During the same migration, we had simply to move a MySQL database from one cloud provider to another. MySQL is a mature, trusted database with rock-solid import and export capabilities, but we were thwarted by the sheer size of this particular customer DB. It continued to grow at a rate that outpaced any reliable replication to our new provider, despite any method we tried. We even believed that we were being bottlenecked by the original host, as a deterrent to migration in the first place.
This experience shocked us as we had so many successful MySQL migrations under our collective belts. But, as we soon discovered, part of the problem was that we weren’t just migrating a database, we were migrating a component of technical debt. The customer was using MySQL for time-series data, which doesn’t make a great deal of sense for a relational database.
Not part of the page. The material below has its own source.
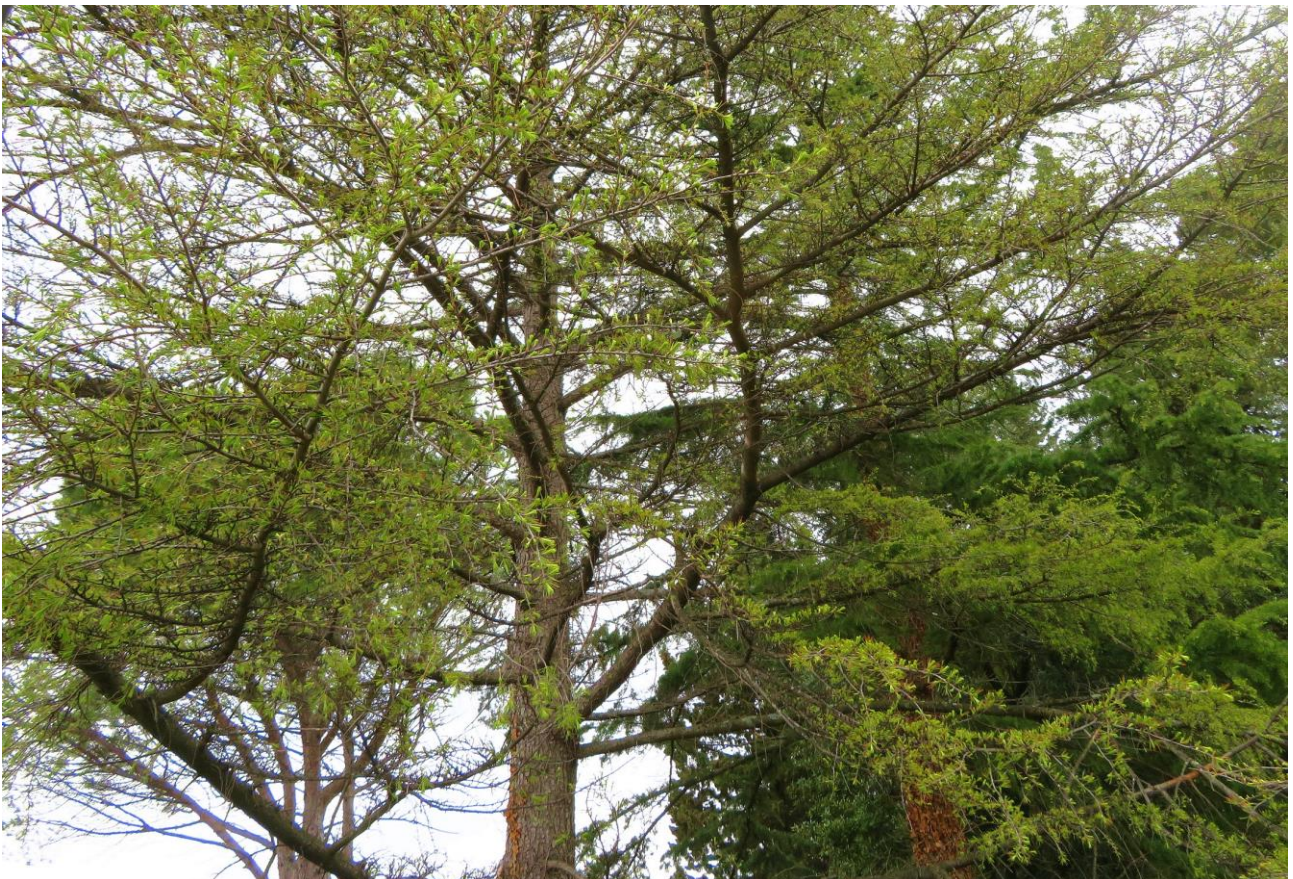
Abb. 2: Larix decidua subsp. decidua ; Erstfund für die Insel Krk (kultiviert).

Larix decidua MILL. subsp. decidua (Abb. 2); sehr selten kultiviert. Erstmals in Kultur beobachtet: SSW Malinska/Malisca/Durischal, Milčetići, N 45°07'13,14", E 14°31'22,84", 8 m alt.; 12.04. 2019.

It had grown in place into a bloated monster and needed to be almost completely deconstructed in order to move it. We could no longer assume our customers were doing things “properly” in the first place.
Parting Words of Migration Wisdom
What I learned from these experiences is that in the majority of cases, any attempt to save time, training, or investment by short-changing a complete cloud-native migration is just buying yourself more future technical debt.
Of course, every organization and workload is different, but if the purpose of migrating to the cloud is to take advantage of the cloud’s unique capabilities — scalability, elasticity, agility, resilience — you are going to find yourself disappointed unless you fully embrace cloud-native design principles and do some much-needed refactoring.
You don’t need to “Rip & Replace” everything on day one, and there are gradual approaches that can help you to break down your monoliths over time. Transformations often need to occur in teams, not just in technology. With careful planning, you can reskill your people, refactor your code, and migrate both to a place of cloud maturity.